= Ipperwash Inquiry =

Inquiry regarding the Ipperwash Crisis

The Ipperwash Inquiry was a two-year public judicial inquiry funded by the Government of Ontario, led by Sidney B. Linden, and established under the Ontario Public Inquiries Act (1990), which culminated in a four volume 1,533-page Ipperwash Inquiry Report released on May 30, 2007.

The inquiry was established by then-Premier Dalton McGuinty shortly after he took office after winning the Ontario general election on October 23, 2003. On November 12, 2003 the Liberal government launched the inquiry with a twofold purpose, to investigate events surrounding the death of 38-year-old Dudley George, who was shot and killed by an OPP officer at Ipperwash Provincial Park in September 1995, and to make recommendations to prevent the escalation of violence like that which took place during the Ipperwash Crisis. According to the report, George was the "first aboriginal person to be killed in a land-rights dispute in Canada since the 19th century." The report found that "the appropriation of the Stony Point reserve by the Government of Canada in 1942 was unprecedented in Canadian history."

==Background==

For ten years Dudley George's brother Sam George fought "for justice" calling for an inquiry into Dudley's death. In 2008, a year after the report was released, Sam George was inducted into the Order of Ontario. The man who nominated George, Wayne Samuelson, said that, "Sam George did not seek revenge – he sought justice. Sam is a man of peace, a shining example for us all. Debewin is the Ojibway word for truth. It means the truth is supposed to heal us all. That's what Sam set out to do."
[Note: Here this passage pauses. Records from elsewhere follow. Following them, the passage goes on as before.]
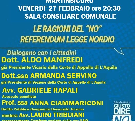 Martinsicuro. Un importante momento di confronto pubblico sul referendum relativo alla Legge Nordio si terrà venerdì 27 febbraio alle ore 20:45, in Sala Consiliare Comunale di Martinsicuro.
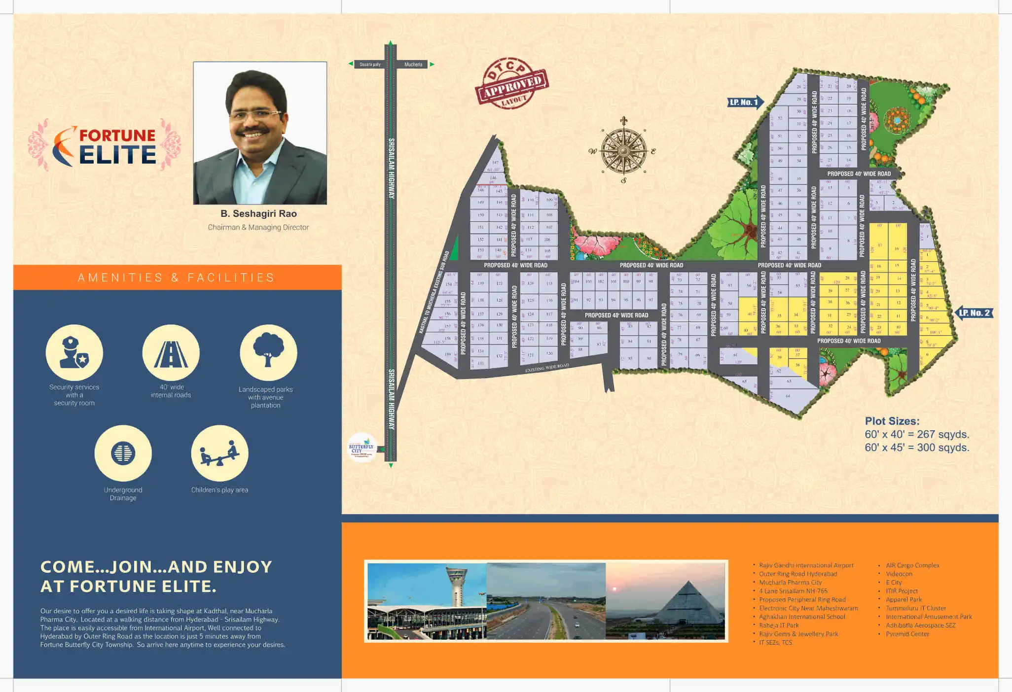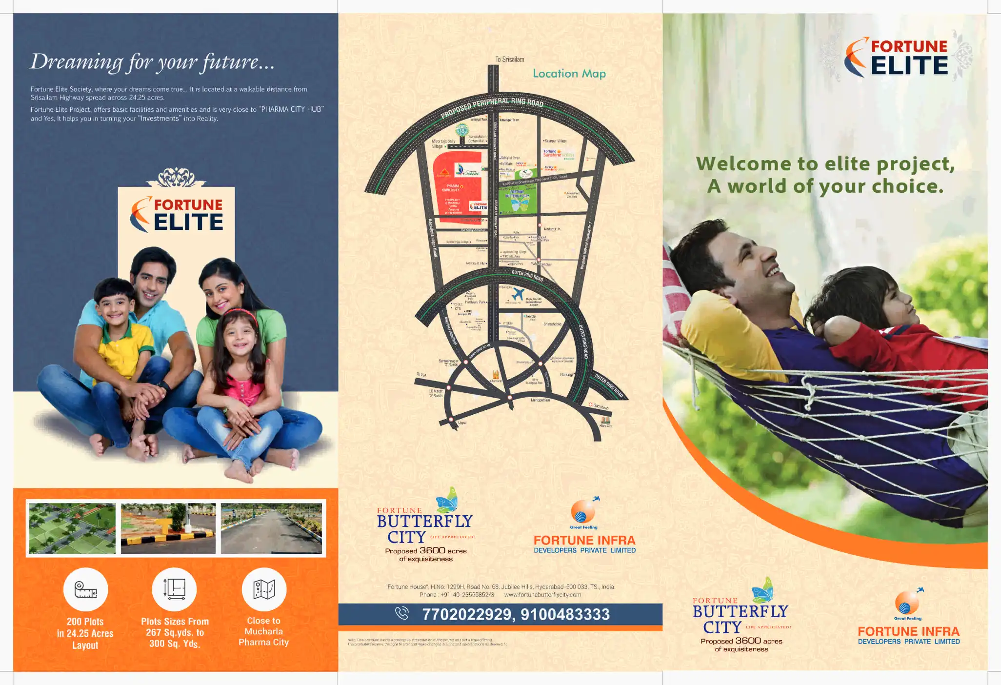 Fortune Elite Society, where your dreams come true... It is located at a walkable distance from Srisailam Highway spread across 24.25 acres. Fortune Elite Project, offers basic facilities and amenities and is very close to "PHARMA CITY HUB" and Yes, ...
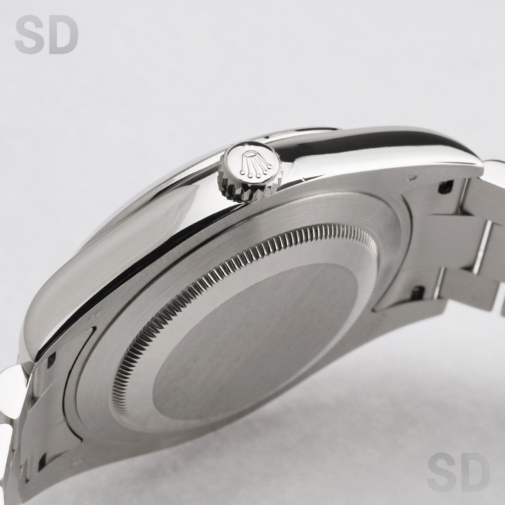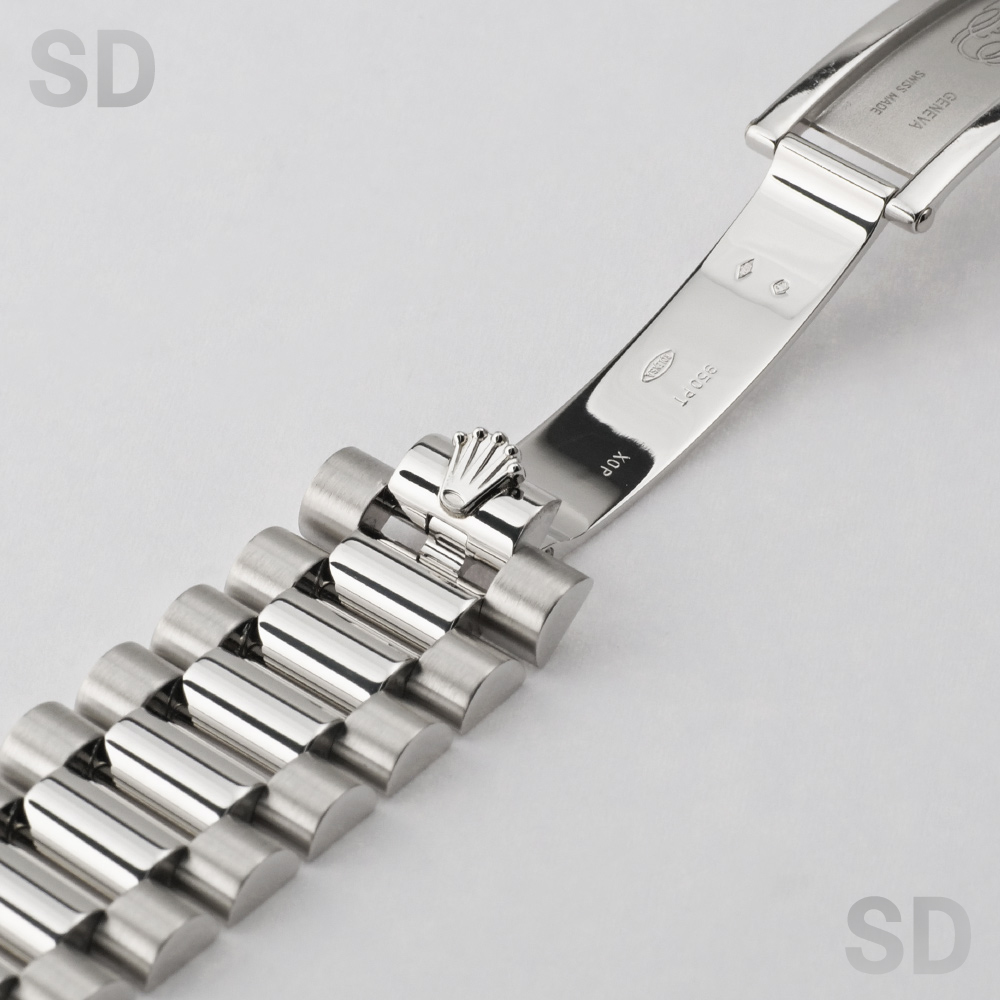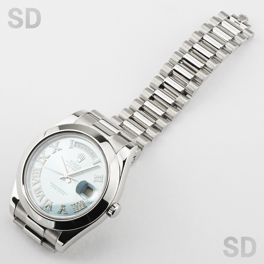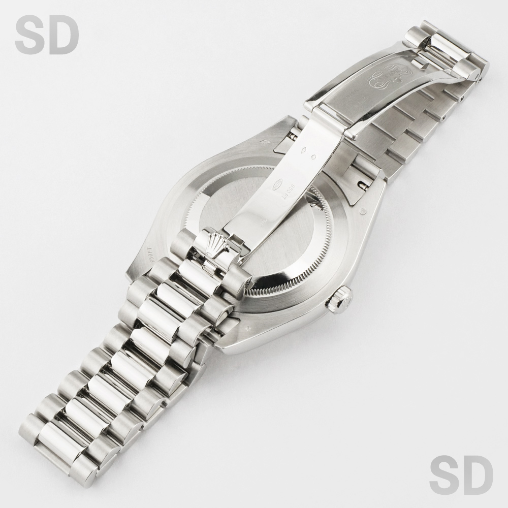 本個体は2008年頃から2015年頃にかけて製造されていた旧型リファレンスにあたり、ロレックスの最高峰ドレスラインに位置付けられるデイデイトの中でも、ひときわ存在感を放つ41mmケースのラージサイズモデルでございます。プラチナ無垢を採用した重厚な仕様に、同型の現行モデルにはないツルっとしたポリッシュベゼルが採用され、専用のプレジデントブレスレットを組み合わせることで、優れた装着感とともに格別な風格を備えた佇まいを演出しております。さらに、ダイヤモンド入りのローマンインデックスを配したダイアルが華やかさと気品を添え、全体としてラグジュアリーな魅力を一層引き立てております。
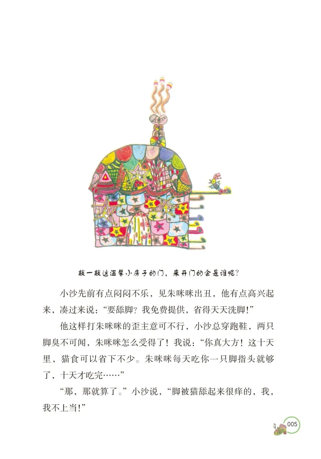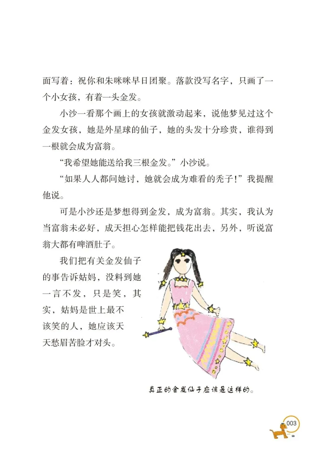 书中的朱多星是个“调皮鬼”。他会把音乐放得震天响,美其名曰帮小猫发掘“迪斯科天赋”;他会拉着表弟在姑父的席梦思床上蹦跳,直到床垫塌陷,让姑父“像一只窝在地里的土豆”;他更会自信满满地充当“剃头大师”,结果让表弟照镜子时“大叫一声,像见了鬼一样”。
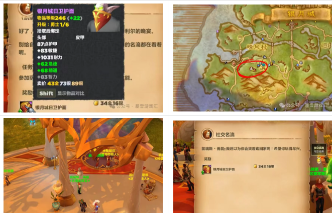 继失落的哈谢神像后又有一件BIS装备可以拿,那就是银月城日卫护面,这是一件246装等的头盔。获取方式如下:银月城宫廷名望达到9级之后直接去银月城晴风村下面,完成萨瑟利尔的聚会解锁附近蓝的任务完成保卫符文石,然后就可以去找军需官领取这一件246的bis头盔了。
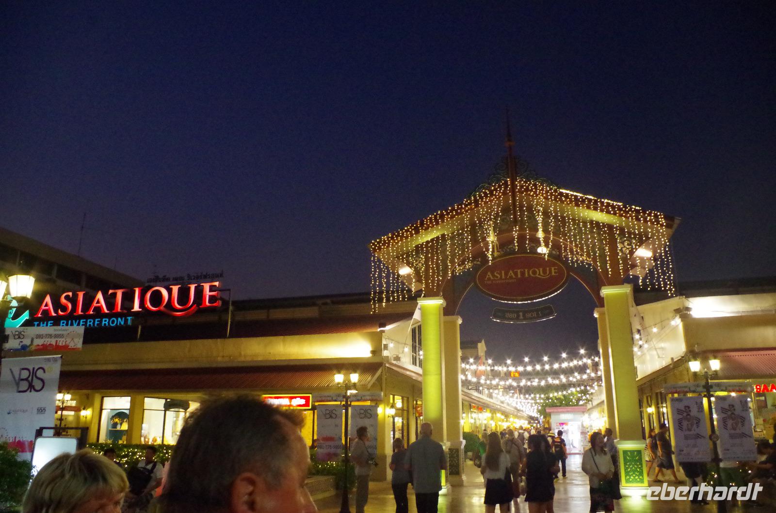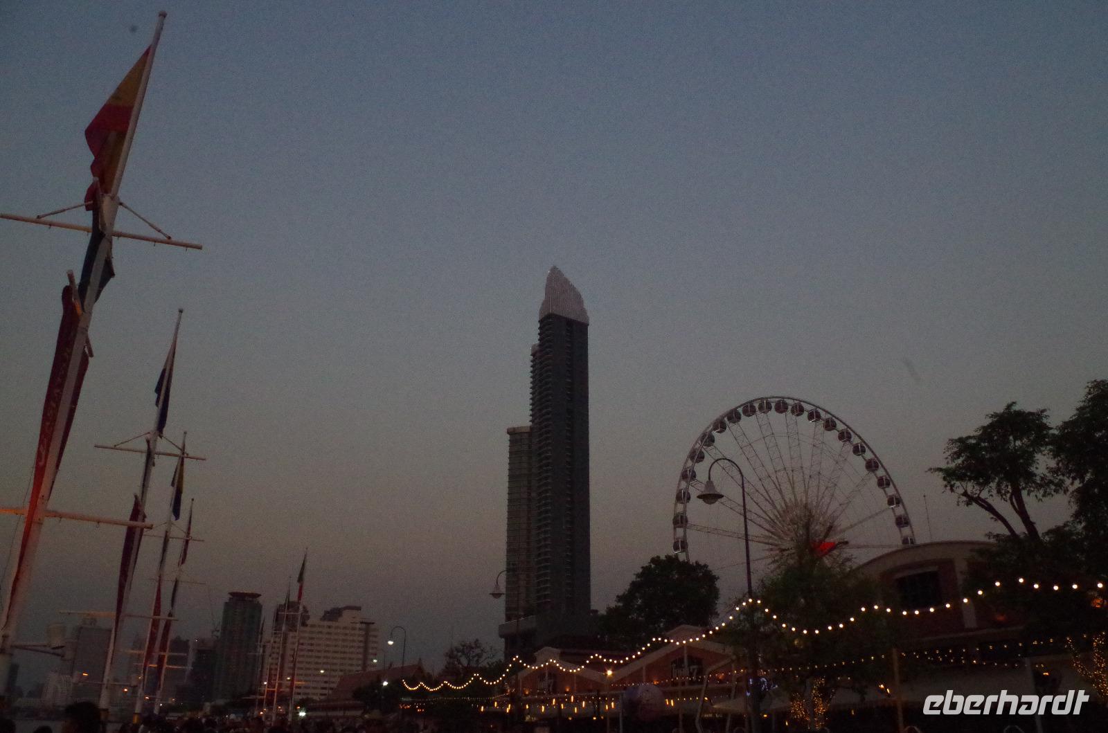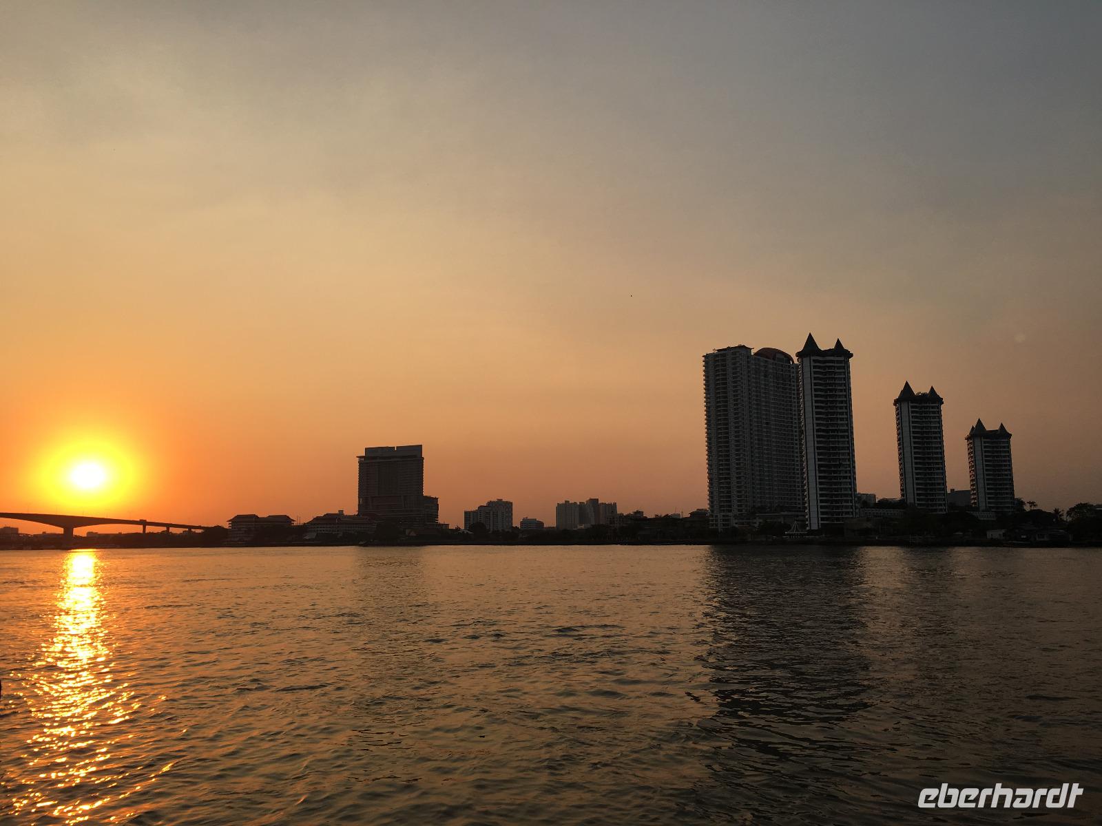 Heute ist ein Tag gemischter Gefühle! Voller freudiger Erwartung, ein weiteren schönen Tag in Bangkok zu verbringen, aber auch wehmütig, da unsere tolle Reise sich dem Ende neigt :-) :-( Wir stärken uns bei einem leckeren ausgiebigen Frühstücksbuffet im "Weite Welt Restaurant". Es wird abermals sehr warm werden, bis zu 35 Grad bei leicht bewölktem Himmel. Um 10.45 Uhr treffen sich alle Gästen und die Reisebegleitung an der Rezeption auf Deck 5. Wir gehen gemeinsame von Bord und holen im Hafenterminal unser Gepäck ab. Gestern haben wir bereits unseren Reisepass abgeholt. Besser jeder kontrolliert nochmals, ob wir einen Einreisestempel für Thailand und die Ausreisekarte erhalten haben. Am Eingang vom Hafenterminal wartet bereits unsere Reiseleiterin Sini auf uns. Wir freuen uns, von der gleichen Reiseleiterin vom Vorprogramm auch am heutigen Tag begleitet zu werden. Im Bus gibt es für einen unserer Gäste noch ein Geburtstagsständchen und schon starten wir die über 100 Kilometer bis zum Zentrum von Bangkok. Während der Fahrt erzählt uns Sini, dass Thailand der der größte Reis-Exporteur der Welt ist. Die Landwirtschaft ist der wichtigste Industriezweig, neben Reis wird besonders Palmöl, Ananas, Kautschuk und tiefgefrorene Garnelen exportiert. Des Weiteren werden auch elektronische Geräte und Schmuck ausgeführt. Aufgrund des dichten Verkehrs erreichen wir rund 30 Minuten später als erwartet erst um 13.30 Uhr das Restaurant "Wanfah" direkt am Chao Phraya-Fluss. Das Buffetessen ist anfangs noch ein wenig chaotisch, am Ende haben wir aber genug Zeit, in Ruhe zu essen und verschiedene typisch thailändische Gerichte zu probieren. Über eine Stunde später haben wir eine kurze Transferfahrt mit dem Boot von rund fünfzehn Minuten bis zum Pier 1 River City. Hier steigen wir wieder in den Bus und unternehmen noch eine Stadtrundfahrt durch das verrückte Bangkok. Um 16.30 Uhr besuchen wir den Nachtmarkt "Asiatique - The Riverfront" direkt am Fluss Chao Phraya. Der Markt verbindet Einkaufen, Kultur, kulinarische Köstlichkeiten und Veranstaltungen miteinander. Wir entdecken die Vielfältigkeit des Marktes individuell, vielleicht kauft der ein oder andere Reisegast von den letzten Bath noch ein paar Andenken an geliebte Daheimgebliebene. Um 18.45 Uhr treffen wir uns wieder und fahren gemeinsam zum internationalen Flughafen, welchen wir rund 45 Minuten später erreichen. Wir verabschieden uns freundlich von Sini und wünschen ihr für die Zukunft alles Gute. Dann laufen wir zum Terminal 4. Hier werden eventuell nochmals die Kleidung gewechselt, immerhin haben wir jetzt wundervolle 35 Grad, während uns in Deutschland Minusgrade erwarten *brrrrrrr* Die Gepäckabgabe bei Lufthansa am Schalter G verläuft problemlos, unser Gepäck wird automatisch bis zum Endzielflughafen durchgecheckt. Bei der Pass- und Sicherheitskontrolle müssen wir ein wenig Wartezeit einplanen, aber wir haben auch genügend Zeit. Angekommen am Gate D06 überbrücken wir die Wartezeit von zwei Stunden mit dem Kauf von Snacks und Getränken oder auch letzter Andenken für unsere geliebten Daheimgebliebenen. Sowohl Boarding als auch unser Abflug um 23.50 Uhr erfolgt pünktlich. Wir fliegen mit Lufthansa LH773 von Bangkok nach Frankfurt Am Main. Wir freuen uns auf eine gute Mahlzeit, die Zeit zum Abendessen ist ja bereits längst überschritten :-) Den Großteil des rund 12 Stunden langen Fluges versuchen wir zu schlafen, langsam freuen wir uns auch auf unsere Lieben und unser Zuhause.
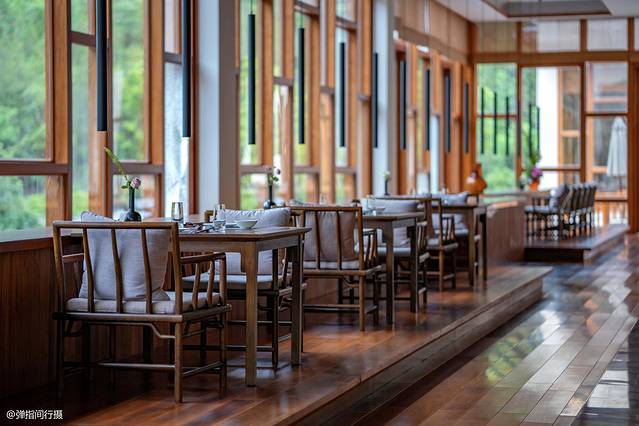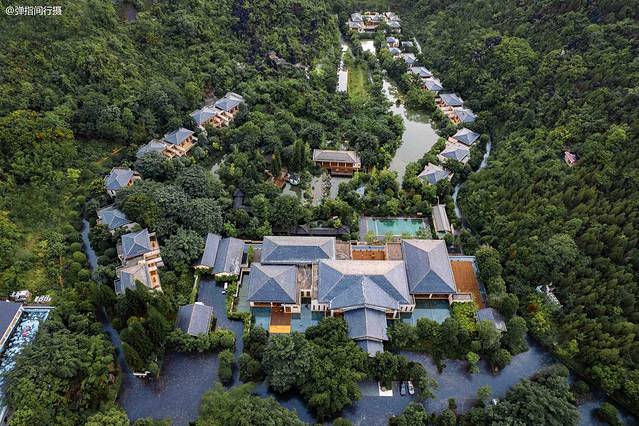 整个酒店耗资超过3亿,占地面积近20万平方米,而实际建筑面积仅约2万平方米,大多区域都保留了原始山林地貌,树木繁茂,山谷幽风,酒店本身就是一个庞大的天然氧吧。

In 2003 Amnesty International renewed its call for an inquiry. Alex Neve, secretary-general of Amnesty International Canada said that "[e}Eight years is simply too long to wait for answer" and that governments at the federal and provincial level had "ignored their responsibilities" and defied a 1999 request from the United Nations. He added that this was "hurting Canada's efforts to pressure other countries on human rights and cited this country's dispute with Iran over the death of Iranian-Canadian photojournalist Zahra Kazemi as an example."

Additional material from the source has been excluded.